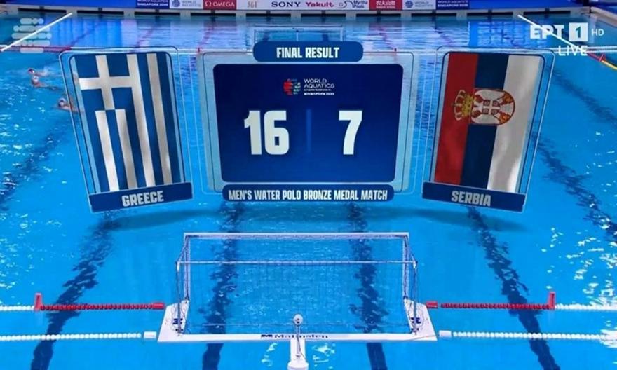 Με μια μεγαλειώδη εμφάνιση η Εθνική ομάδα πόλο ανδρών επικράτησε άνετα 16-7 της Σερβίας στον μικρό τελικό και κατέκτησε την τρίτη θέση στο Παγκόσμιο Πρωτάθλημα στη Σιγκαπούρη.
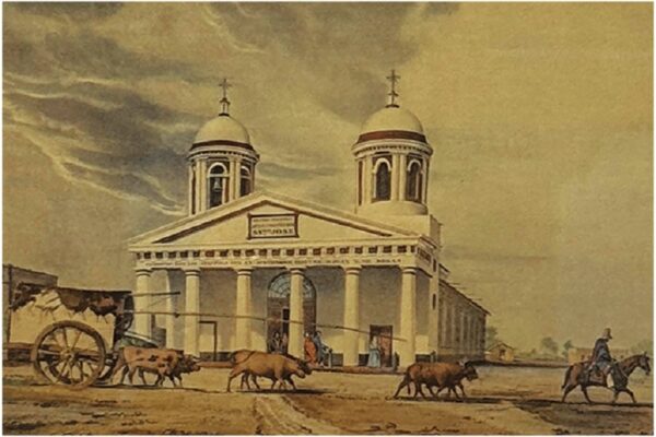 El Museo incorpora una obra, una litografía tomada de la original realizada por Carlos Pellegrini en 1841 que muestra el segundo templo que tuvo Flores
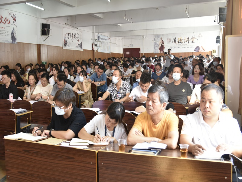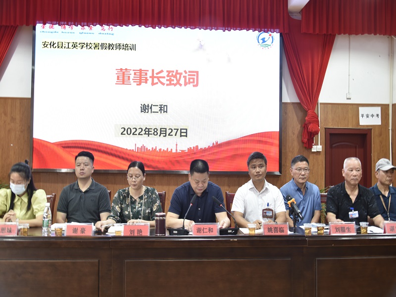 本网讯 8月27日上午9点08分,江英学校2022年暑假教师培训班暨秋季开学工作会议在该校多媒体报告厅隆重举行,学校300余名教职工按时参加学习培训。 在培训会议上,学校董事长谢仁和首先致辞,对新聘任的80多名新教师表示热烈的欢迎,同时向全体教职工指出了现阶段学校所面临的“三大挑战”,即“如何快速完成新老教师的融合、如何加强对教师的培养和管理、如何以特色立校?”高屋建瓴提出了“四个确保”的希望与要求:确保办人民满意的学校;确保学校的办学特色;确保加强教师队伍建设;确保学校的办学安全。学校督学谌安云代表董事会宣读了人事任免文件。校长姚喜临作了新学期工作报告,盘点了上学年工作成绩之后,对学校工作提出了“唯有不断改革,方能持续发展;唯有找准时机,趁势而为,方能披荆斩棘;唯有心存敬畏,方能行之高远”的三点思考。明确了工作任务与措施:即聚焦一条主线:师资队伍建设;锚定三个目标:质量领先、管理创优、安全零事故;坚持五个强化:党建引领、师德师风、教研教改、常规检测、后勤服务;打造七大特色:书香校园、艺体特色、劳动教育、校园电视台、社团文化、心理健康教育示范校、文明礼仪。并把“9· 20”定为学校留守儿童关爱节。 培训活动安排紧凑,内容丰富。在下午的培训会议上,分别有党建工作培训、师德师风培训、安全工作培训、政治业务学习等。领导们的讲座重点突出,且各具特色。尤其是刘艳副校长作的师德师风培训,她以《喜迎二十大,筑梦新时代》为题,由视频“人民解放军台海军事演习”热点导入,引出国家的安全感、教育的责任感,顺理成章的讲到“师德六条”、新时代的“四有好老师”;从聚焦课程改革,讲到怎样从老子的《道德经》中汲取教育的智慧;再讲到王阳明、陶行知的知行合一,全国优秀教师的楷模张桂梅的优秀事迹,最后讲到优秀教师的“四度”(气度、深度、风度、温度),给老师们上了生动的一课。 据悉,该校明天的培训还有更为精彩的专家讲座,由湖南省特级教师、现任江英学校业务副校长姚建民教授主讲,老师们无不充满期待。(通讯员 王光明 刘圣彦)

**Aim of the task**
Without the pictures, repeat the listing exactly as it reads.

**Written solution**
 Με μια μεγαλειώδη εμφάνιση η Εθνική ομάδα πόλο ανδρών επικράτησε άνετα 16-7 της Σερβίας στον μικρό τελικό και κατέκτησε την τρίτη θέση στο Παγκόσμιο Πρωτάθλημα στη Σιγκαπούρη.
 El Museo incorpora una obra, una litografía tomada de la original realizada por Carlos Pellegrini en 1841 que muestra el segundo templo que tuvo Flores
 本网讯 8月27日上午9点08分,江英学校2022年暑假教师培训班暨秋季开学工作会议在该校多媒体报告厅隆重举行,学校300余名教职工按时参加学习培训。 在培训会议上,学校董事长谢仁和首先致辞,对新聘任的80多名新教师表示热烈的欢迎,同时向全体教职工指出了现阶段学校所面临的“三大挑战”,即“如何快速完成新老教师的融合、如何加强对教师的培养和管理、如何以特色立校?”高屋建瓴提出了“四个确保”的希望与要求:确保办人民满意的学校;确保学校的办学特色;确保加强教师队伍建设;确保学校的办学安全。学校督学谌安云代表董事会宣读了人事任免文件。校长姚喜临作了新学期工作报告,盘点了上学年工作成绩之后,对学校工作提出了“唯有不断改革,方能持续发展;唯有找准时机,趁势而为,方能披荆斩棘;唯有心存敬畏,方能行之高远”的三点思考。明确了工作任务与措施:即聚焦一条主线:师资队伍建设;锚定三个目标:质量领先、管理创优、安全零事故;坚持五个强化:党建引领、师德师风、教研教改、常规检测、后勤服务;打造七大特色:书香校园、艺体特色、劳动教育、校园电视台、社团文化、心理健康教育示范校、文明礼仪。并把“9· 20”定为学校留守儿童关爱节。 培训活动安排紧凑,内容丰富。在下午的培训会议上,分别有党建工作培训、师德师风培训、安全工作培训、政治业务学习等。领导们的讲座重点突出,且各具特色。尤其是刘艳副校长作的师德师风培训,她以《喜迎二十大,筑梦新时代》为题,由视频“人民解放军台海军事演习”热点导入,引出国家的安全感、教育的责任感,顺理成章的讲到“师德六条”、新时代的“四有好老师”;从聚焦课程改革,讲到怎样从老子的《道德经》中汲取教育的智慧;再讲到王阳明、陶行知的知行合一,全国优秀教师的楷模张桂梅的优秀事迹,最后讲到优秀教师的“四度”(气度、深度、风度、温度),给老师们上了生动的一课。 据悉,该校明天的培训还有更为精彩的专家讲座,由湖南省特级教师、现任江英学校业务副校长姚建民教授主讲,老师们无不充满期待。(通讯员 王光明 刘圣彦)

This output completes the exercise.